Jefferson se subió el camisón de Luther hasta los muslos y salió corriendo hacia el cuarto de baño, rozando con sus pies el suelo de madera. Cuando acababa de ponerme la falda y la blusa, oí una suave llamada en la puerta y se asomó Gavin, que ya se había vestido.
—Son las seis y media de la mañana —gimió con ojos somnolientos—. ¿Has dormido bien? ¿No has tenido más pesadillas?
—No eran pesadillas, Gavin. Alguien estaba mirando por la ventana —dije y él sonrió—. Alguien estaba ahí. ¡Y creo que volvió cuando ya nos habíamos dormido!
—Está bien, está bien —concedió Gavin frotándose el estómago—. Estoy hambriento. Me pregunto qué habrá de desayuno.
Jefferson volvió corriendo. Estaba completamente despierto y hasta se había peinado con las manos. Le ayudé a vestirse mientras Gavin se arreglaba; más tarde fui a lavarme la cara, e hice lo que pude con mi cabello ante la falta de un peine o un cepillo. El aroma de beicon ascendía por las escaleras hasta el piso superior, y cuando entramos en la cocina encontramos a Luther acabando de servir una fuente de huevos con beicon. Charlotte vestía otro de sus exclusivos diseños inspirados en un saco de patatas, éste cubierto con botones de diferentes tamaños y colores. En los hombros llevaba un gran lazo rosa.

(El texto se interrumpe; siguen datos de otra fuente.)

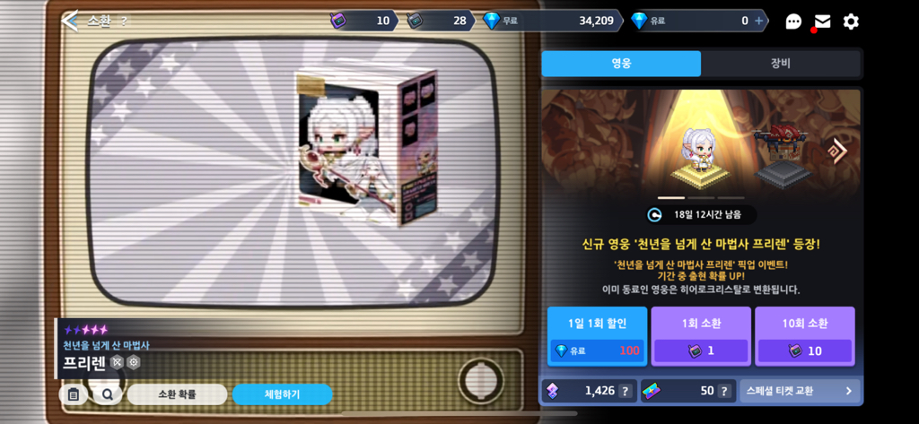 프리렌은 못 뽑으시면 아쉽기만 할 뿐이지만,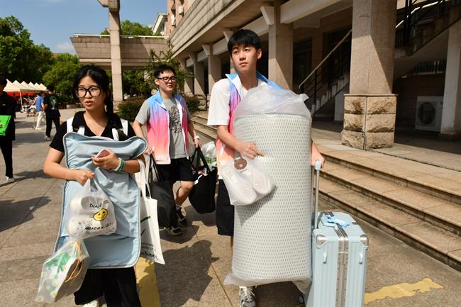 来自舟山的胡馨尹是戏剧影视学院的一名新生,报到时心情很激动:“今天走进校园感受到了浙艺浓厚的艺术氛围,报到时老师们十分和蔼可亲,能够被浙艺录取感觉很幸运。希望接下来努力学习,取得好成绩,获得奖学金。”一旁的胡馨尹母亲同样感到欣喜:“我们尊重也十分理解孩子的选择,希望她在未来的日子里克服困难,勇敢向前,作为父母,我们会一直是她坚实的后盾。”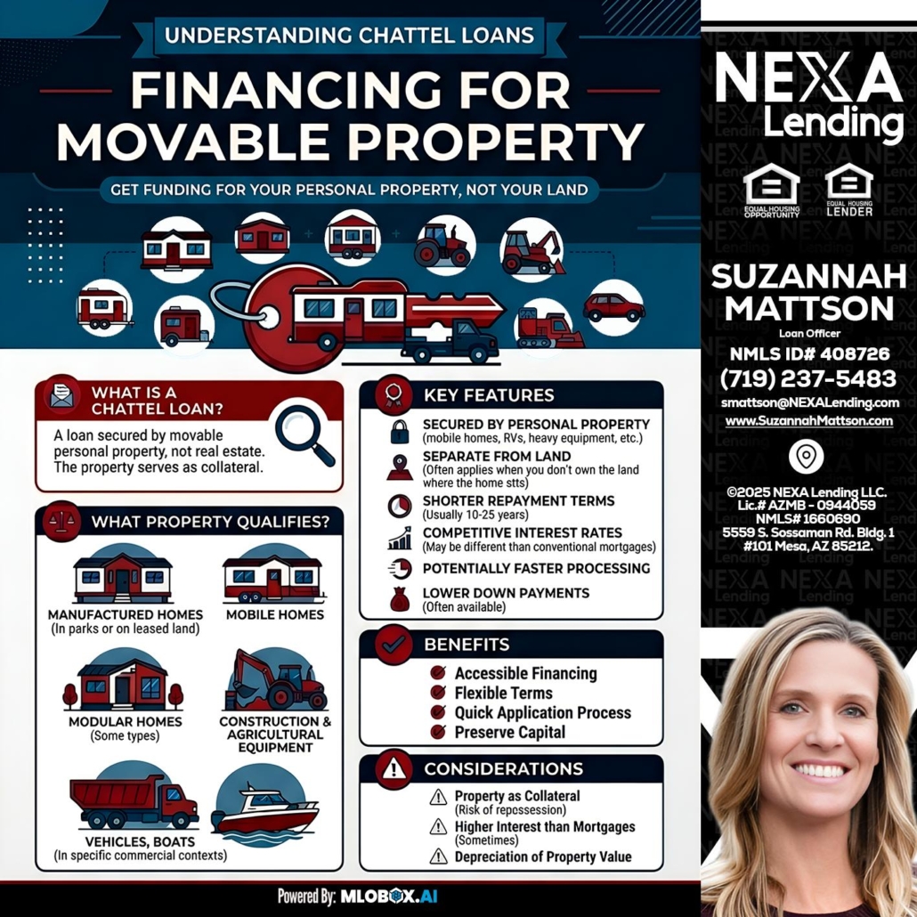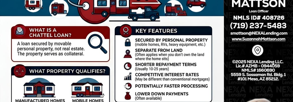 Hi, my name is Suzannah Mattson. I’m a Loan Officer offering personalized mortgage solutions, fast customized quotes, great rates and service with integrity. If you’re interested in learning more about the Chattel loan or any other, just let me know and I’ll walk you through your options.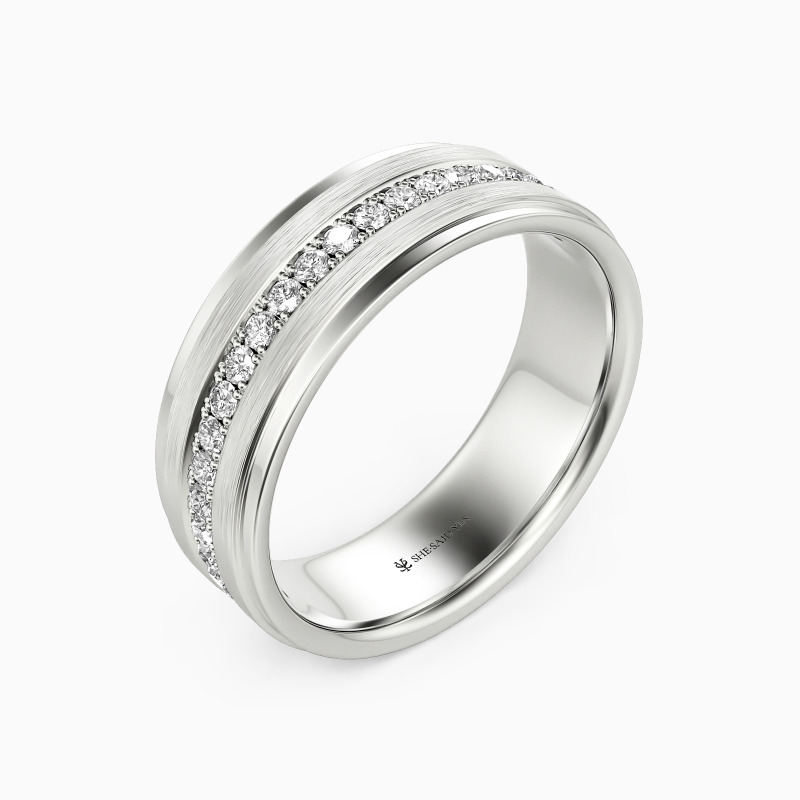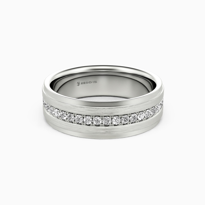 Depict an on-trendy style with precious metal and unique design; A row of shimmering round gemstones is spread across the band, with a sleek brushed finish accented alongside for a further level of sophistication. This dreamy eternity wedding band incorporates the ultimate craftsmanship for your ideal wedding.
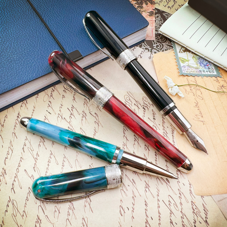Pineider Avatar UR Mini Red Blue Solidate Palladium Trim Fountain Pen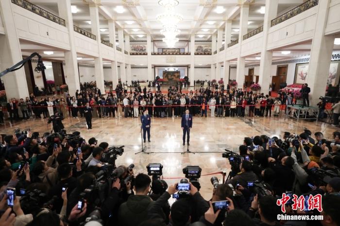 3月5日,十四屆全國(guó)人大三次會(huì)議首場(chǎng)“代表通道”集中采訪活動(dòng)在北京人民大會(huì)堂舉行。全國(guó)人大代表、小米集團(tuán)創(chuàng)始人、董事長(zhǎng)兼首席執(zhí)行官雷軍(右)、全國(guó)人大代表、海爾集團(tuán)董事局主席、首席執(zhí)行官周云杰接受采訪。中新社記者 富田 攝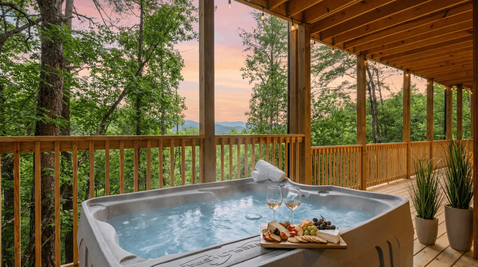 This cabin offers the perfect hot tub experience, where stress fades away.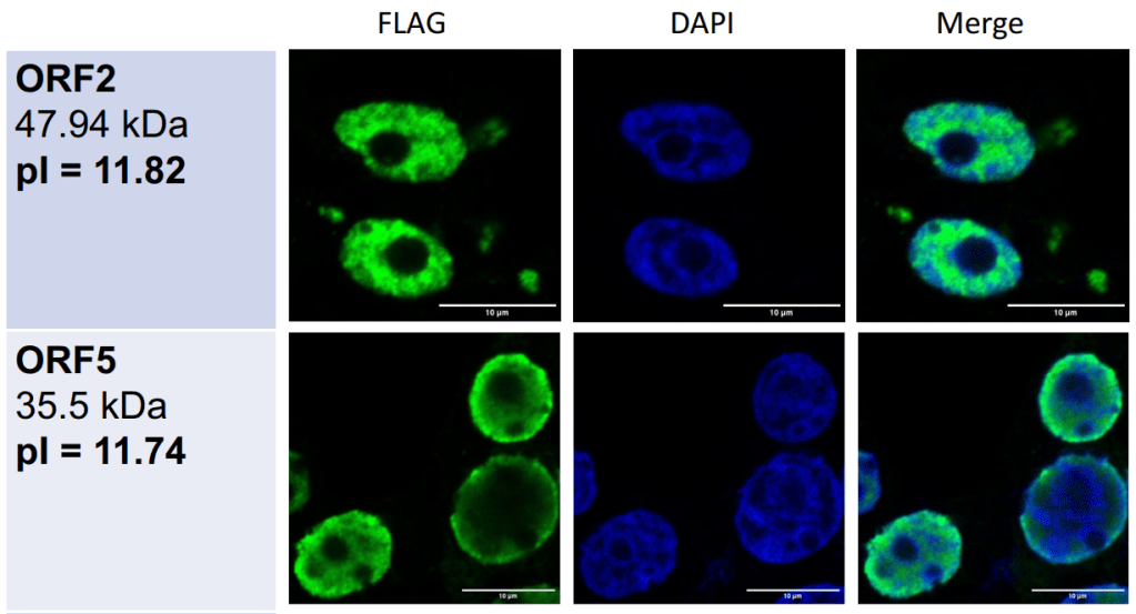 Subnuclear localisation of 2 eORF proteins. FLAG, tag marking the location of the protein; DAPI, DNA staining. pIs are >11, suggesting these are heavily basic proteins. Adapted from Vlasov et al., figure 3A.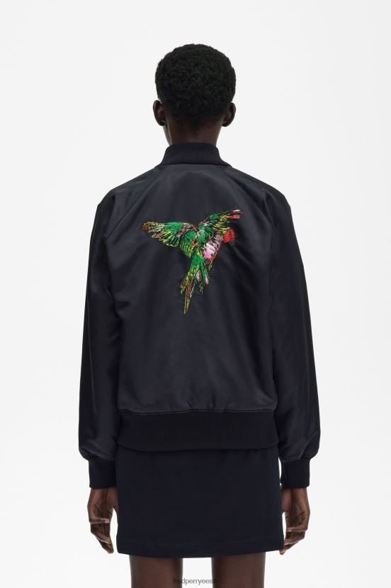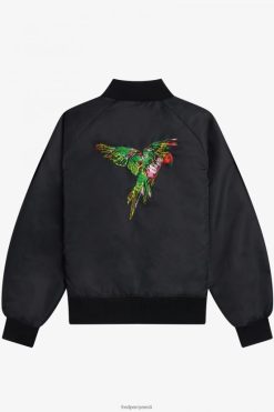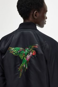 Osaliselt taaskasutatud nailonist / lõdvestunud istuvusega / polsterdatud keha ja varrukad / troopiliste lindude tikandid seljale. / ribi kaelus, kätised ja alläär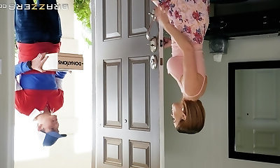 MILF slut Krissy Lynn seduces the delivery man and eats his jism
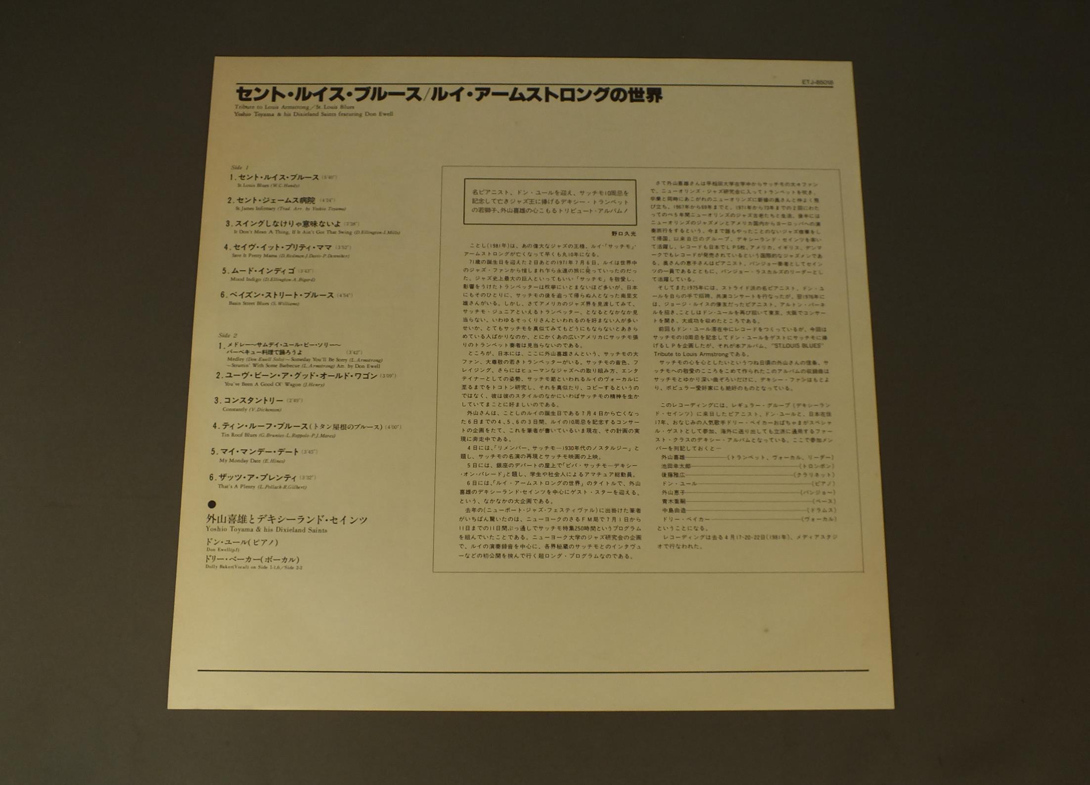 YOSHIO TOYAMA外山喜雄/ST.LOUIS BLUESセント・ルイス・ブルース ETJ85018 製造国:日本盤 / Media:LP外観:EX盤の状態:EX+ 価格(税込):¥1,650(売約済) 送料 7inch:定形外郵便 360円~LP:定形外郵便 660円~送料は、注文の最終画面で確認頂けます。 > > YOSHIO TOYAMA/ST.LOUIS BLUES 外観 (EX)特記事項:背や上ヘリ付近に日焼けシミ。ジャケ表面にスレやよごれ多少有り。外観EXの共通説明:ダメージが限定的。中古品としては保存状態がよい方。シミ、ヨゴレ、スレ 少し~軽度。 盤の状態 (EX+)特記事項:極薄いスリキズ・スレ少し。一見してきれいな状態です。盤EX+の共通説明:盤面の極薄いスリキズ、スレ少し程度 音に出そうなものは無いように見える(極軽微なソフトティック音は除く)。 帯の状態 ():特記なし。 その他:白見本盤 Tweet それぞれの画像をクリックすると、大きい写真が見られます こちらの商品もお勧めです 770円 STANLEY CLARKE / JOURNEY TO LOVE 880円 WILTON FELDERウイルトン・フェルダー / WE ALL HAVE A STAR星の伝説 990円 FRANCES FAYEフランセス・フェイ / CAUGHT IN THE ACTコート・イン・ジ・アクト 1,210円 MAKOTO OZONE小曽根真 / AFTERアフター 1,210円 BUD POWELL TRIOバド・パウエル・トリオ / ROOST SESSION BEST 6-VOL.1バド・パウエルの芸術 1,210円 DUKE ELLINGTON WITH JIMMY JONESデューク・エリントン & ジミー・ジョーンズ / DUKE ELLINGTON`S MY PEOPLEマイ・ピープル 880円 NEWPORT ALL STARSニューポート・オールスターズ / TRIBUTE TO DUKE ( LIVE IN BASEL SWISS 1969 OCT )デューク・エリントンに捧ぐ 990円 PETER SPRAGUEピーター・スプラッチ / MUSICA DEL MARムジカ・デル・マール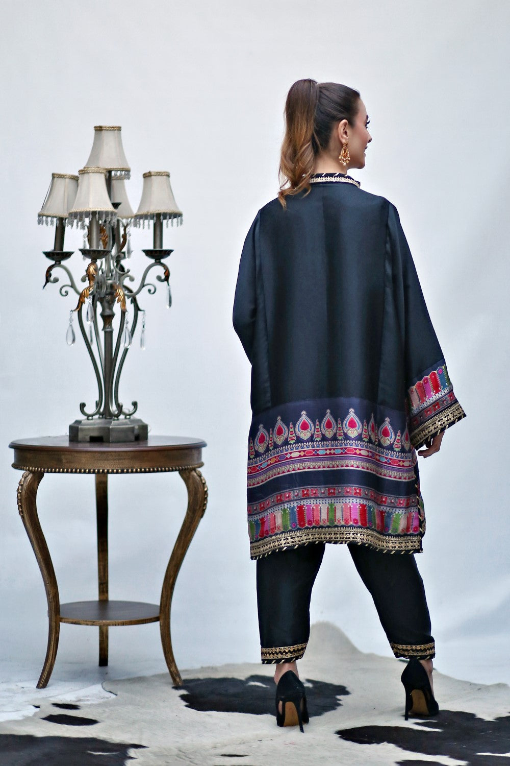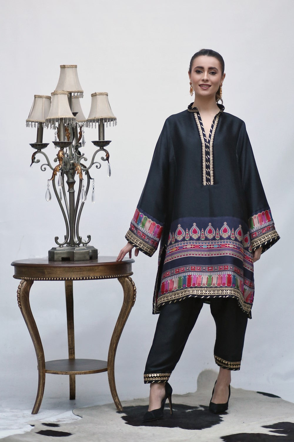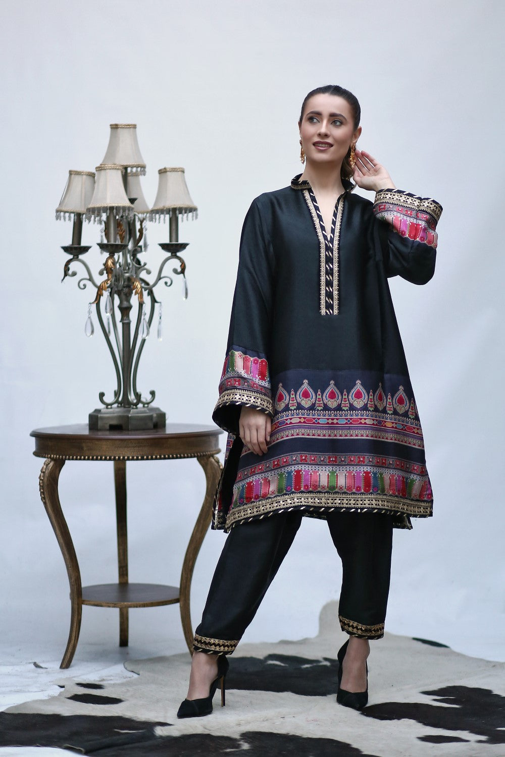| Fabric: Silk Pieces: 2 pieces; Shirt,Trouser Embelish With Digital Silk Borders & Sequence Lace Note: The colours of the product may slightly vary due to different background lighting. |

—Buenos días a todos. ¿Habéis dormido bien? —preguntó—. Ha venido esta noche el Hombre de Arena. Se paseó por la casa.
—Oh, era ése —dijo Gavin sonriendo con los ojos llenos de picardía. Esperó a ver si yo les contaba lo de la cara en la ventana.
—Yo no he oído al Hombre de Arena —dijo Jefferson.
—Porque ya estabas dormido y no tenía que ponerte arena en los ojos —explicó tía Charlotte—. Sentaos. Primero desayunaremos bien y luego nos dedicaremos a nuestras tareas, ¿no es así, Luther? —Luther emitió un gruñido y bebió su café de un trago mientras se levantaba de la silla.
—Estaré afuera —dijo, miró a Gavin y añadió—, en el granero.
—Iré en cuanto acabe el desayuno —contestó Gavin. Luther asintió y se fue.
—¿Todos queréis huevos con beicon? —preguntó Charlotte—. Los he hecho con la yema hacia arriba porque así parecen caritas sonrientes.
—Y huelen estupendamente, tía Charlotte —dije—. ¿Puedo ayudarte?
—Ya está todo. Siéntate y os serviré como solía servir a mi padre y a Emily hace muchos, muchos años.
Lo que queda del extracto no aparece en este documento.